On one hand, there were some tidbits that were good, but they are better stated in this very old and very AP friendly article:

http://www.continuum-concept.org/reading/whosInControl.html


I am constantly seeing that article linked on here and I have to say I think it is total bunk. 

 

I think Liedloff has misattributed to parental approach what is really an effect of the society at large.  I don't beg, plead, hit, or ignore my 2 y/o.  I do have pretty clear expectations (the water stays in the tub), and I do have straightforward and consistently enforced consequences (water on the floor? bath is over now).  Nonetheless she is out of control and there is always water on the floor, because she is two and because that is her personality.

 

Basically children mostly imitate their peers no matter what their parents do.  My insane 2 y/o who refuses ever to wear her coat when I tell her, does it cheerfully at preschool because the other children do.

 

I bet the same can be said of the Yequana children, and doubtless of the French too.  It's impossible to buck the village.  I bet if children are regularly taken out to nice restaurants where they see other children present and behaving well, and where those other children as well as all the adults present make it clear that that is the social norm, they will learn to do the same almost regardless of what their own parents do.

 

post #58 of 74
Quote:
Originally Posted by Qestia View Post

I just hated the article because it's not based on actual data, it's based on the three French moms (okay I may be exagerating) the author knows.
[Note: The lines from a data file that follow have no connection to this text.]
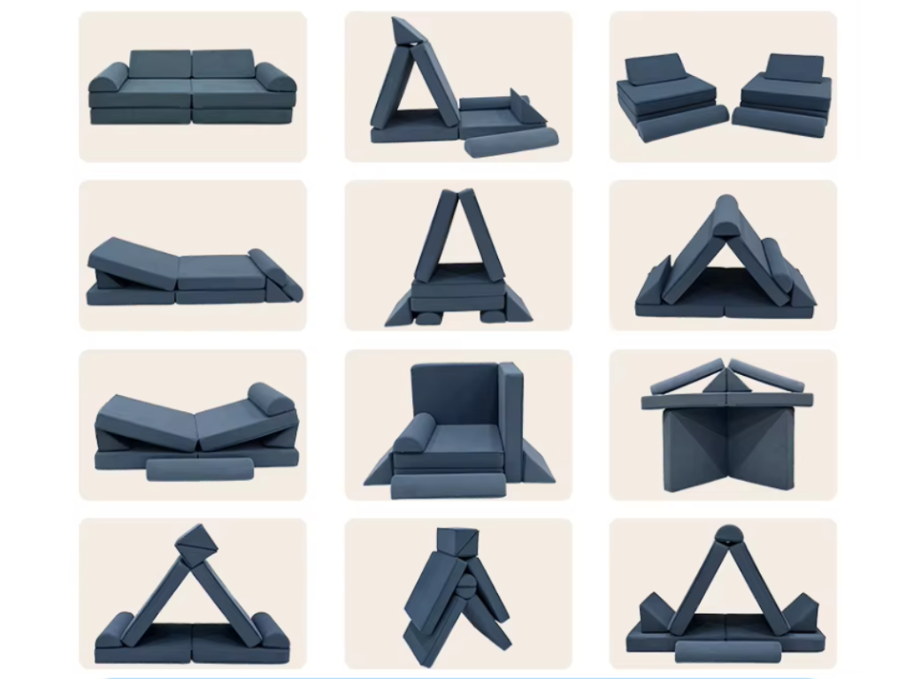 Spousta možností – pohovku je možné různě polohovat, rozkládat, skládat, proměnit ji v křesla, lehátka, domeček nebo bunkr, v opičí dráhu nebo prolézačku.
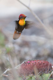 the nectar of small cactus flowers. The male, shown here, is one of the most striking hummingbirds with its ruby red crown and nape and its shiny gold throat and breast. When the light does not catch the iridescence, as in photos 2 and 5, it can look surprisingly dull. |
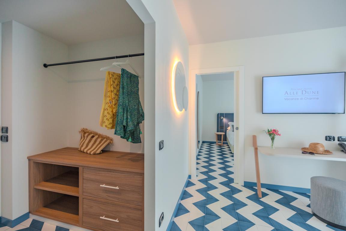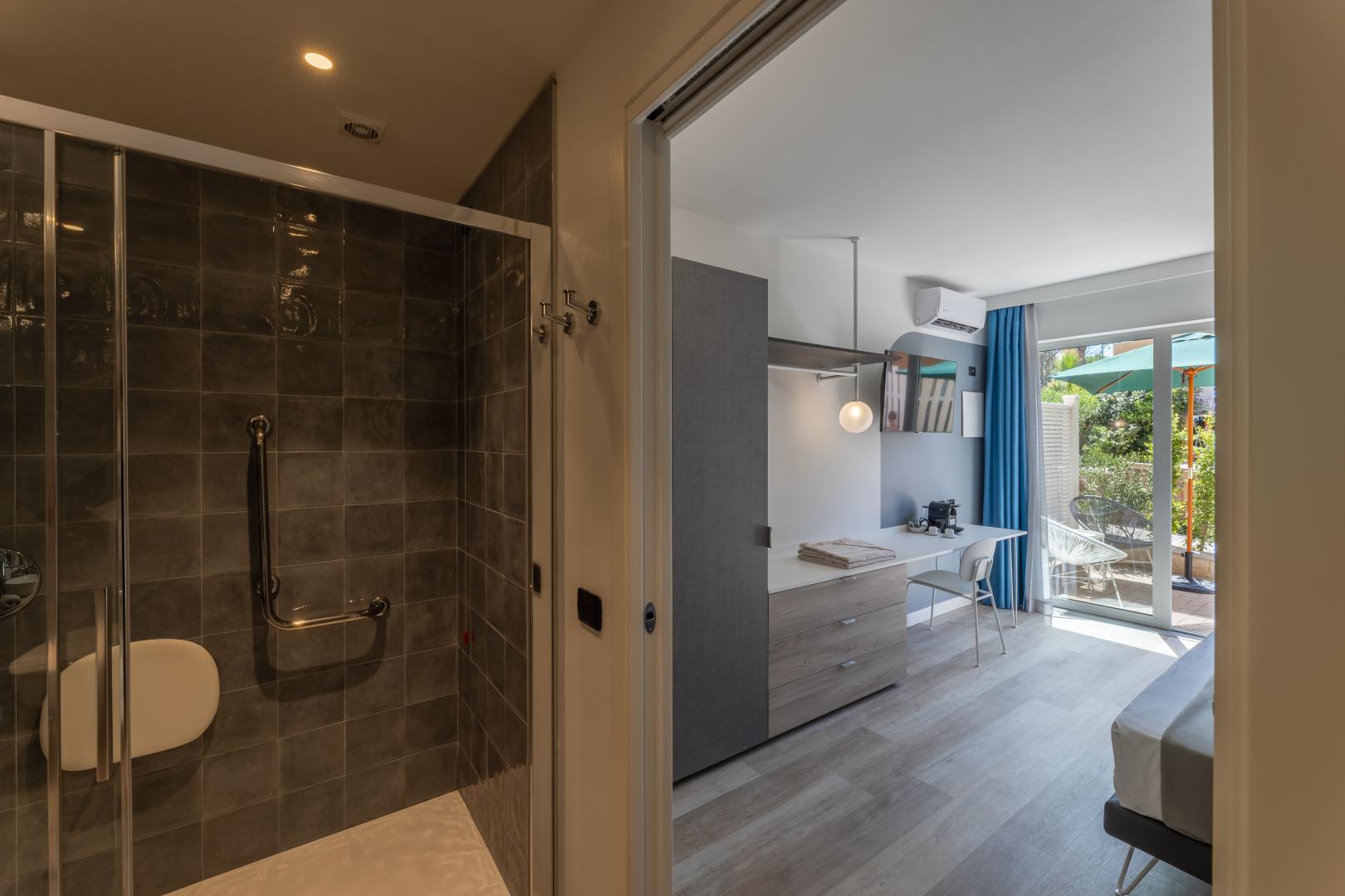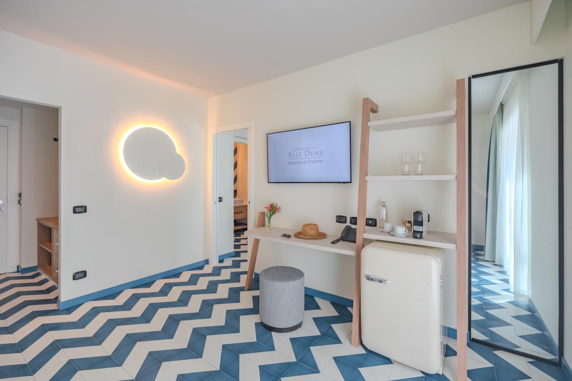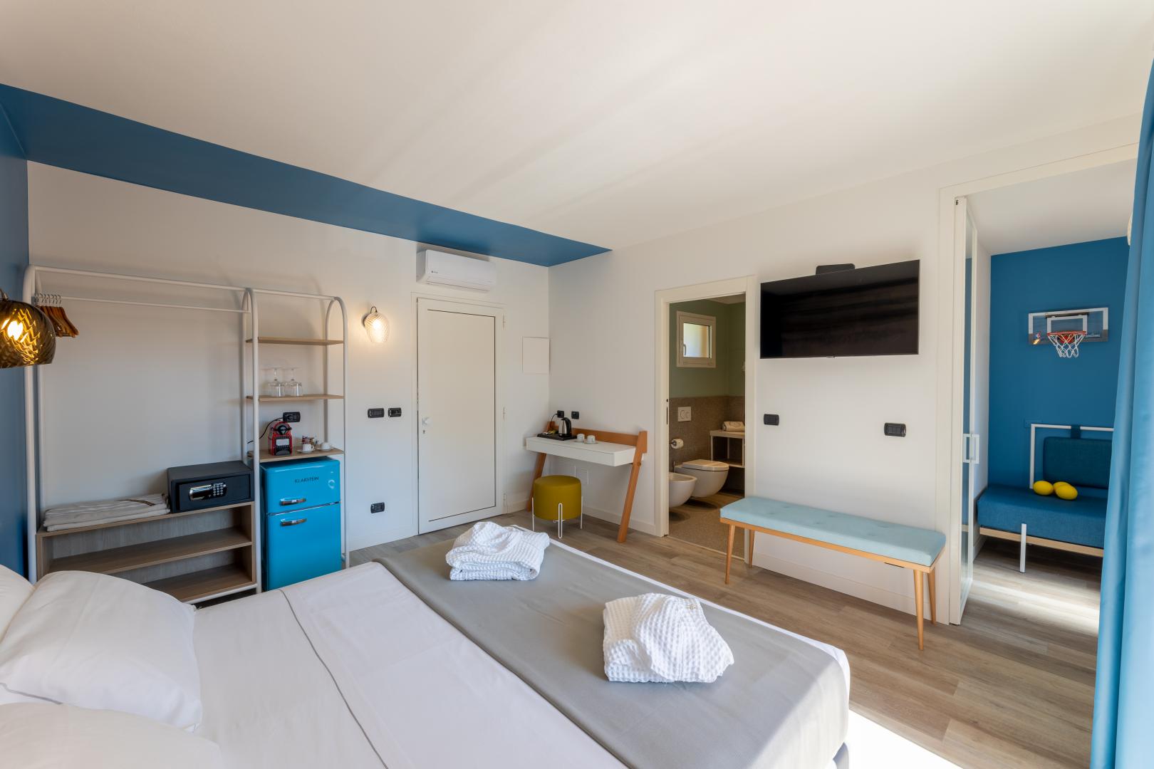 Di recentissima realizzazione, è stata progettata dagli architetti dello Studio Bonfante e dunque ricca di dettagli contemporanei. Dispone di un ampio bagno e divano letto singolo in una camera separata, è allestita con letto matrimoniale King Size con materasso Dorelan (180X200). Nel prezzo del soggiorno avrai incluso parcheggio auto riservato e nel periodo dal 10.05 al 30.09 un grande gazebo con tre lettini e due poltroncine registe presso la nostra incantevole spiaggia attrezzata “Acacia” di fronte all’Hotel. Fuori dal periodo indicato verrà offerto un ombrellone con due lettini e una poltroncina regista.
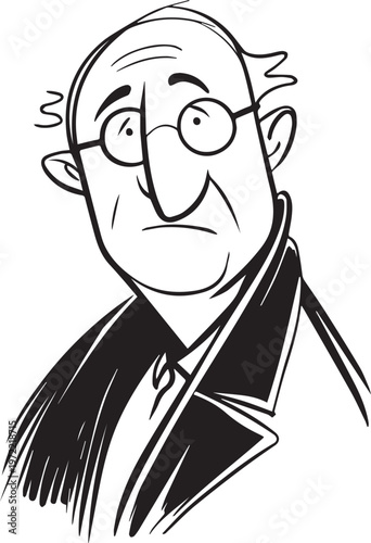Hand Drawn Elderly Male Doctor Black and White Illustration in Minimal Line Art Style Design
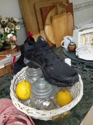 Zapatillas deportivas con un diseño moderno y llamativo. - Combinación de colores azul marino, blanco y detalles en rojo. - Cordones negros. están nuevas a estreno. me equivoqué de número al comprarlas
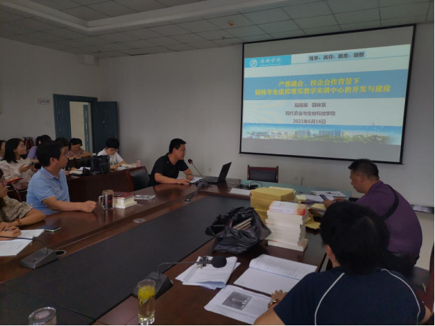 活动开始,由今年申报教育部产学合作项目的李川、段展展和马瑛三位老师分别进行汇报和交流。李川教授结合《数智育种》课程建设,从课程设计,案例教学以及实践操作的组合式教学模式等多角度展示了针对本课程全方位的课程改革理念;段展展老师结合园林虚拟仿真实训中心建设,畅谈《景观设计虚拟仿真实验课》课程建设思路;马瑛老师结合秦巴实验室屋顶温室改造设计方案,建议将光谱调控植物生长实验纳入植物生理实验课程设类实验项目。随后与会老师和三位老师就产学合作项目申报过程中的注意事项、申报书撰写难点的处理方法等细节问题进行了深入细致的交流。最后,杨芳副经理对三位老师的分享交流表示衷心的感谢,强调产学合作,共建课程对于专业建设的重要意义,鼓励BB贝博艾弗森的老师积极进行产学合作项目的申报,为一流专业的建设奠定良好的基础。
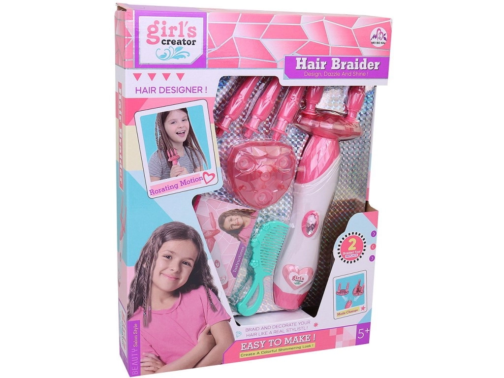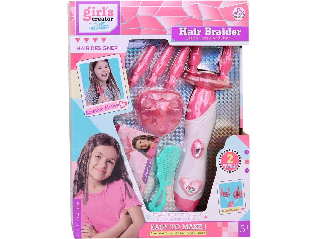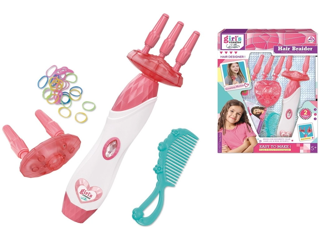 Crea en minutos trenzas con estilo con este sencillo juego para trenzar el cabello. La trenzadora eléctrica ofrece 2 modos de trenzado (con dos o tres mechones), un manejo fácil mediante el “botón diamante” y es ideal para niñas a partir de 5 años. En el paquete encontrarás trenzadora, peine y gomitas, perfectos para peinados en casa y diversión con amigas.
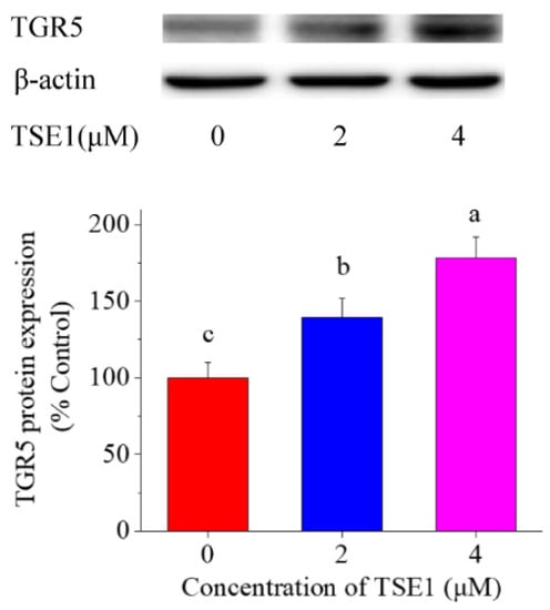 Effect of TSE1 on the TGR5 protein expression in STC-1 cells at 24 h. Protein levels were detected by Western blot, and analyzed by the ImageJ software. Different letters indicate significant difference among groups (p < 0.05).
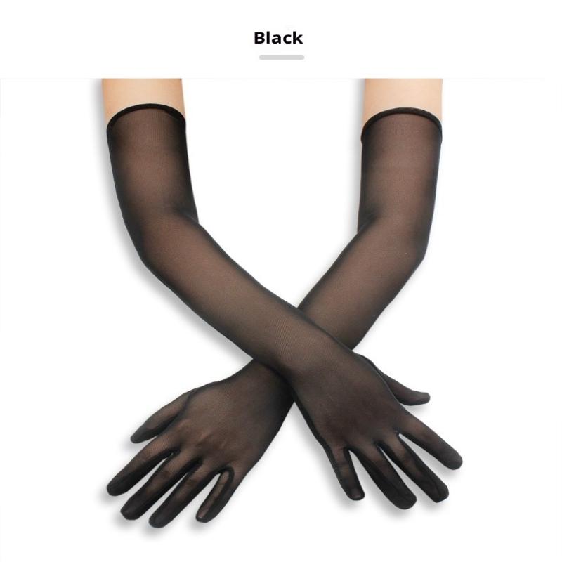 55CM Sexy Lace Thin Hollow Transparent Long Gloves Breathable Net Yarn Women Man Stage Performance Party Cosplay Elasticity
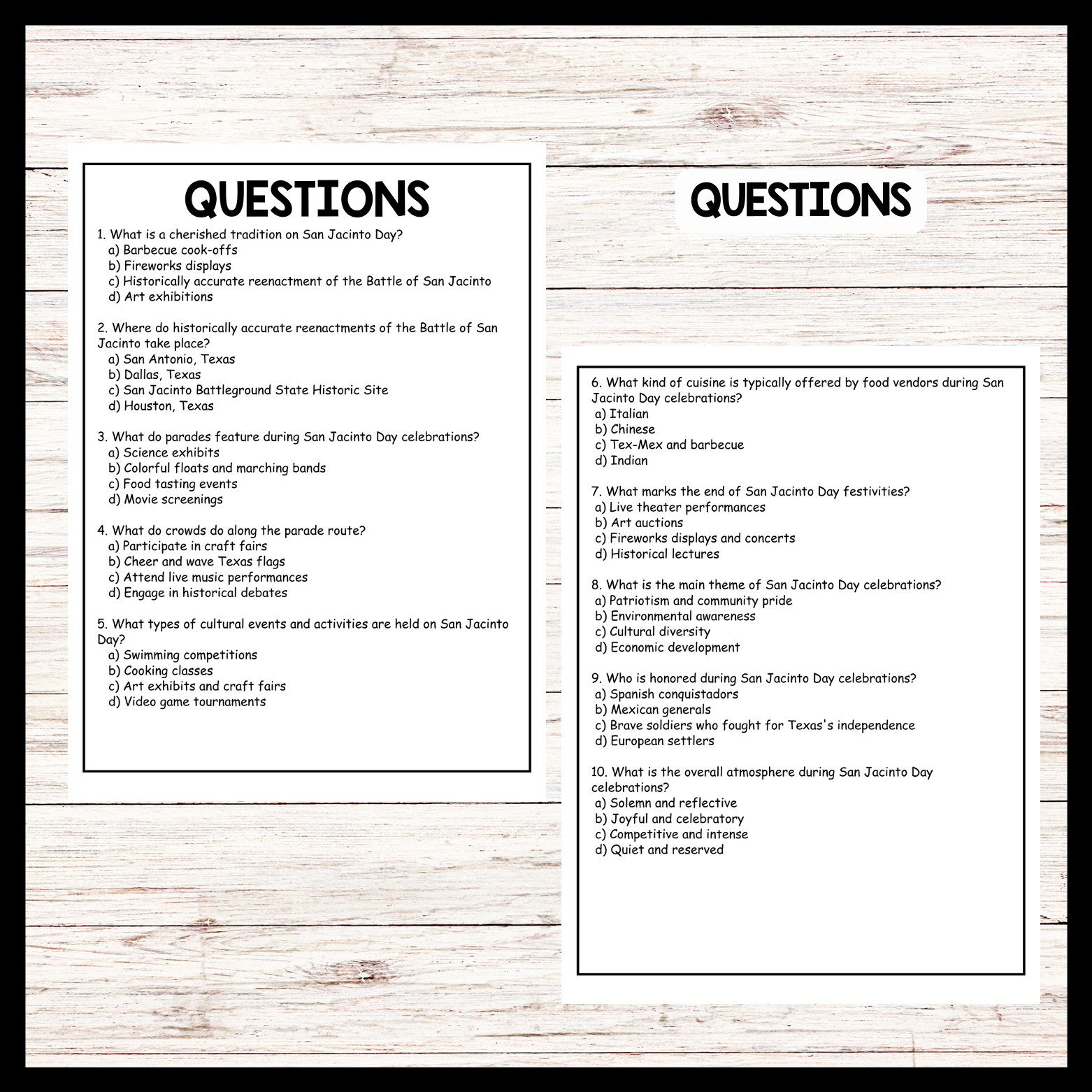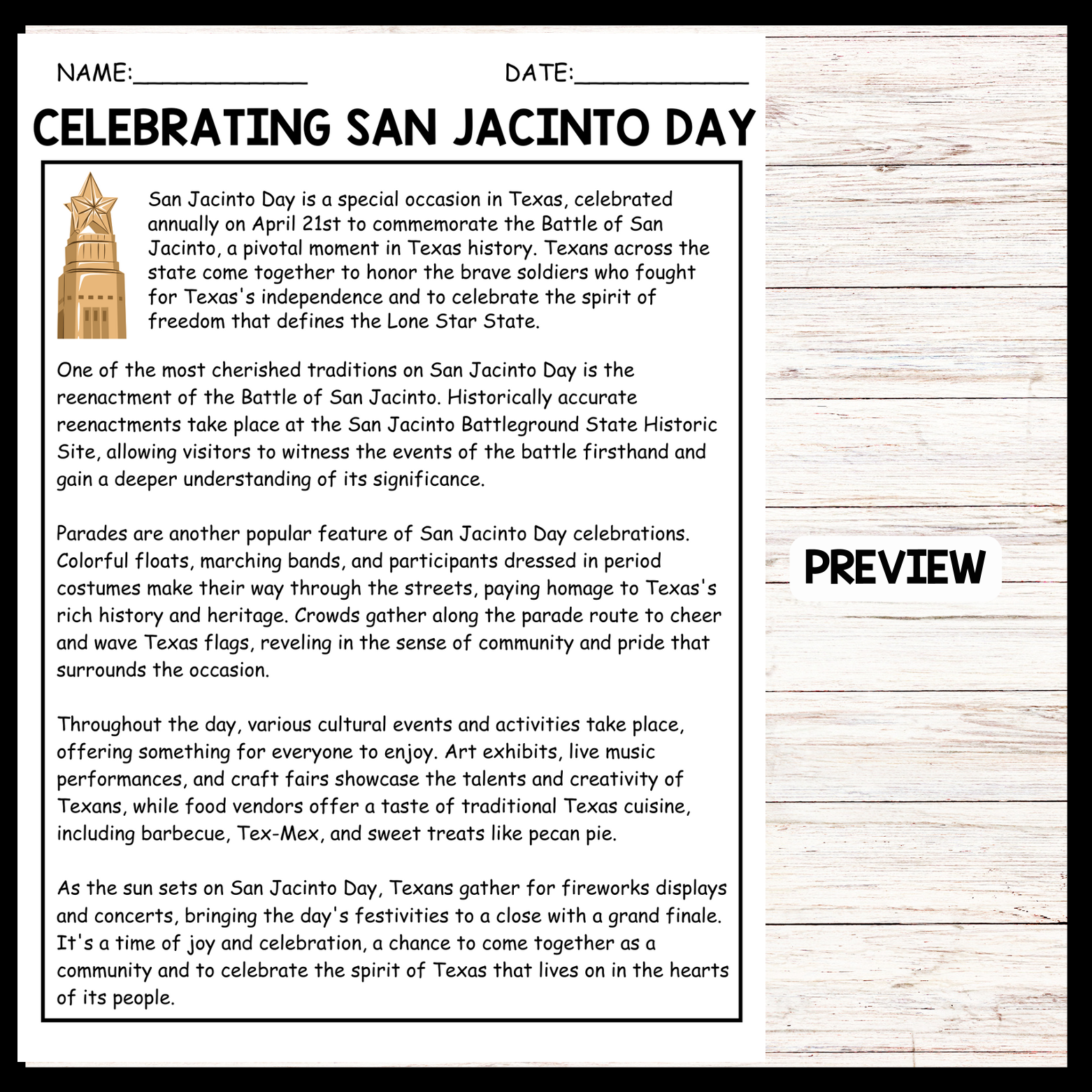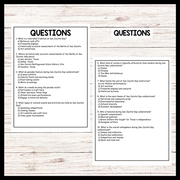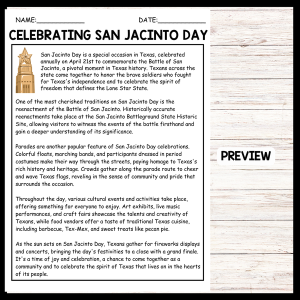 The passage highlights the cherished traditions associated with San Jacinto Day celebrations, focusing on the reenactment of the Battle of San Jacinto and parades as central events. It also mentions various cultural activities such as art exhibits, music performances, and food vendors that contribute to the festive atmosphere. Teachers can use this passage to educate students about the historical significance of San Jacinto Day and its importance in Texas culture, while also emphasizing the sense of community and pride that characterizes the celebrations.
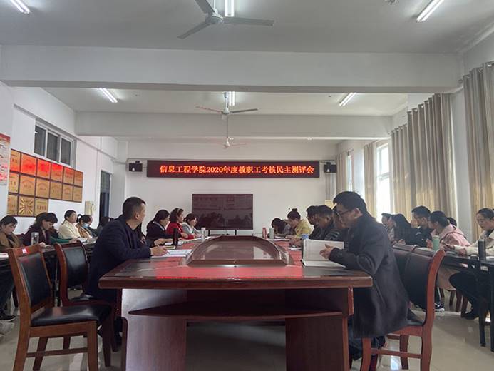 为正确评价我院教职工年度德才表现和工作实绩,激励和督促教职工提高政治、业务素质,认真履行职责,根据《事业单位工作人员考核暂行规定》和《宿州学院教职工年度考核办法》等有关文件精神,信息工程学院于3月24日下午在工B315召开2020年度考核工作,考核内容为德、能、勤、绩、廉五个方面,重点考核工作绩效。
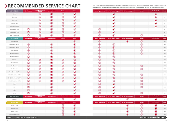 SERVOTOUGH Service plans Factory Acceptance Testing Commissioning Training Spares H H2scan Oxy 1800 Oxy 1900 OxyExact 2200 SpectraScan 2400 SpectraExact 2500 FluegasExact 2700 Laser 3 Plus Range SERVOPRO Service plans Factory Acceptance Testing Commissioning Training Spares AquaXact 1688 MonoExact DF150E MonoExact DF310E 4900 Multigas MultiExact 4100 MultiExact 4200 Chroma NanoChrome DF-500 Range DF-700 Range NanoChrome ULTRA DF-560E NanoTrace ULTRA DF-750 NanoTrace ULTRA DF-760E NanoTrace ULTRA Plasma FID NOx HFID GAS DETECTION Service plans Factory Acceptance Testing Commissioning Training Spares H OxyDetect SERVOFLEX Service plans Factory Acceptance Testing Commissioning Training Spares Micro i . s . 5100 MiniMP 5200 MiniHD 5200 MiniFoodPack 5200 RECOMMENDED SERVICE CHART WANT TO VIEW OUR SERVICES ONLINE ? P122
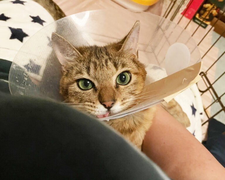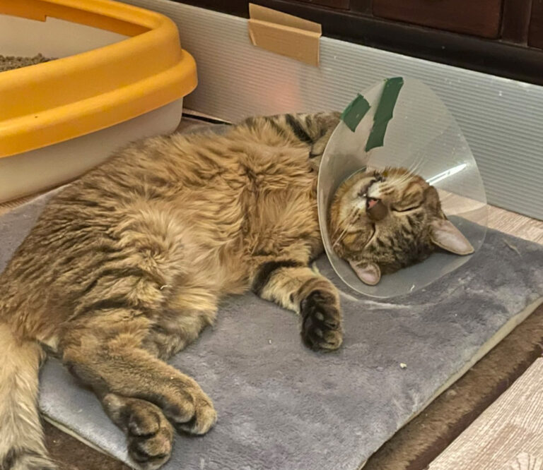 今は代表宅のリビングおりますが、猫は大好きで甘えた声でないて、猫を呼びます。先日カラーがはずれ、初めて抱っこの時にグルグル言えるようになりました。

The plural of anecdote is not data. To base a book or a parenting theory on what a friend of yours tells you is absurd. Oh--her french friend visited a family in California and was horrified that the CA children got their own snacks? So we should be more like the French? What? As someone patiently teaching her 6 and 3 year olds how to get their own snacks... ridiculous.



To be fair, it is excerpted from a book. The article makes it sound like it's just based on a few people, but in the book she explicates more of her research regarding influential thinkers who impacted French parenting, French institutions that influence the ways children are raised, etc.

post #59 of 74

Hang on. So French kids are well-behaved and never act up in public? Then explain this commercial to me:

 

http://www.youtube.com/watch?v=WTIMfDJDS6Q&feature=related

 

Obviously it happens with enough regularity that there is a popular cultural frame of reference for it. Otherwise, the premise of this commercial would be COMPLETELY NONSENSICAL to the French and thus would never have been produced.

 

Just sayin'.

post #60 of 74
Quote:
Originally Posted by gcgirl View Post

Hang on. So French kids are well-behaved and never act up in public? Then explain this commercial to me:

 

http://www.youtube.com/watch?v=WTIMfDJDS6Q&feature=related

 

Obviously it happens with enough regularity that there is a popular cultural frame of reference for it. Otherwise, the premise of this commercial would be COMPLETELY NONSENSICAL to the French and thus would never have been produced.

 

Just sayin'.

 

Thanks for posting that!  I thought about it when this thread came up but couldn't remember for sure if it was from France or some other European country.  Love it!